Summary: OpenShift Container Platform nodes become 'Ready' even when iptables NAT rule...

Keywords:
Status:	CLOSED ERRATA
Alias:	None
Product:	OpenShift Container Platform
Classification:	Red Hat
Component:	Networking
Sub Component:
Version:	3.11.0
Hardware:	Unspecified
OS:	Unspecified
Priority:	unspecified
Severity:	medium
Target Milestone:	---
Target Release:	3.11.z
Assignee:	Aniket Bhat
QA Contact:	Ross Brattain
Docs Contact:
URL:
Whiteboard:
Depends On:
Blocks:
TreeView+	depends on / blocked

Reported:	2019-10-22 11:26 UTC by Christian Koep
Modified:	2023-03-24 15:43 UTC (History)
CC List:	1 user (show)
Fixed In Version:
Doc Type:	Bug Fix
Doc Text:	Cause: SDN code will declare each node as READY before the SDN proxy was completely initialized.
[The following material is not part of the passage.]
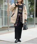 正面はすっきり見えるようにしつつ、抜いた時の後ろのシルエットが立体的にでるようにしているので、バサッと羽織るだけでこなれ感を演出。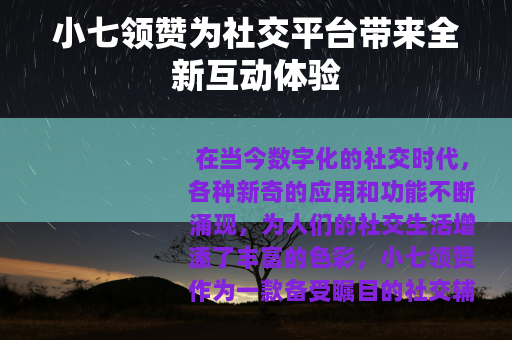 在当今数字化的社交时代,各种新奇的应用和功能不断涌现,为人们的社交生活增添了丰富的色彩,小七领赞作为一款备受瞩目的社交辅助工具,正逐渐走进大众的视野,为用户带来了独特的社交互动体验。

Consequence: Some IP Table rules will not be populated and the node is marked as ready. This causes some pods to not be able to communicate with the API while coming up. Fix: Wait for the SDN proxy to initialize and all the desired rules to get populated before marking the node as ready for scheduling. Result: All IP table rules exist before pods start getting scheduled to the node thereby preventing issues where pods can't communicate with the API server.
Clone Of:
Environment:
Last Closed:	2020-01-14 05:31:27 UTC
Target Upstream Version:
Embargoed:

Attachments	(Terms of Use)

Links
System	ID	Private	Priority	Status	Summary	Last Updated
Github	openshift origin pull 24049	0	'None'	closed	Bug 1764150: Wait for sdn proxy to initialize	2020-11-11 15:14:14 UTC
Red Hat Product Errata	RHBA-2020:0017	0	None	None	None	2020-01-14 05:31:39 UTC

Description Christian Koep 2019-10-22 11:26:16 UTC

Description of problem:
- Under certain conditions (e. g. when hitting [1] and simultaneously running `oc adm diagnostics` and / or `sosreport` many times) it can happen that lots of orphaned service and endpoint objects linger in a cluster.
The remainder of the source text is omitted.